Type declarations only use type and ->, and as type constructors can only be applied on proper types, type never appears under more than one -> (1).

type_decl::= Kind <id> <kind>.
kind::= type -> <kind>
 | type
Figure 1: Grammar of type declarations.

Constant declarations have the structure described in 2, with additional constraints on type variables as described in 9.

constant_decl::= Type <id> <type>.
type::=<type> -> <type>
type_atom::=<type_atom> (<type_atom>)
 |<type_atom> <type_variable>
Figure 2: Grammar of constant declarations.

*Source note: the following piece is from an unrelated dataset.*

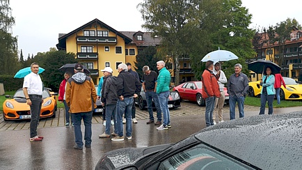 Samstag, 23. September: Im Roadbook war zu lesen: „Nach einem ausgiebigen Frühstück lassen wir es heute etwas entspannter angehen.“ – Das Wetter war kaum besser, als am Vortag. Dennoch genossen wir insgesamt 180 Kilometer auf einer der schönsten Strecken im Umkreis. Unter anderem legten wir am Sylvensteinspeicher einen Zwischenstopp ein. Wir reihten unsere Fahrzeuge auf der Staumauer auf. Petrus hatte ein Einsehen und stoppte die Wasserzufuhr von oben, zumindest solange, bis wir wieder in die Autos einstiegen.

Definitions are given as blocks with a header containing predicate declarations, and an optional body containing a set of clauses, in which uppercase variables are implicitly universally quantified (3). A predicate with no definition clauses is always false; the head of a bodiless clause is always true. A predicate can only depend on predicates defined up to its definition block, so multiple predicates in one block is the only way to achieve mutual recursion. One can see definition blocks as groups of predicates belonging to the same stratum; stratification forbids predicates from the same block to depend negatively one on the other, as usual, but here it also forbids the use of inductive and coinductive in the same block for similar reasons.

definition_block::= Define <declarations> .
 | Define <declarations> by <clauses> .
declarations::=<declaration> , <declarations>
declaration::=<flavour> <id> : <type>
flavour::= inductive
 | coinductive
clauses::=<clause> ; <clauses>
clause::=<head> := <body>
head::=<id> <atom>*
Figure 3: Grammar of predicates declarations and definitions.

Theorems are horn-like formulae which head must be an atom obtained by the application of an already defined predicate (4). For a non-recursive predicate, they can be seen as additional clauses, admissible by the definition with respect to the logic, if not to Bedwyr. Their names holds no semantic value.

theorem::= Theorem <id> : <body> -> <head> . <proof> Qed.
Figure 4: Grammar of theorems specifications.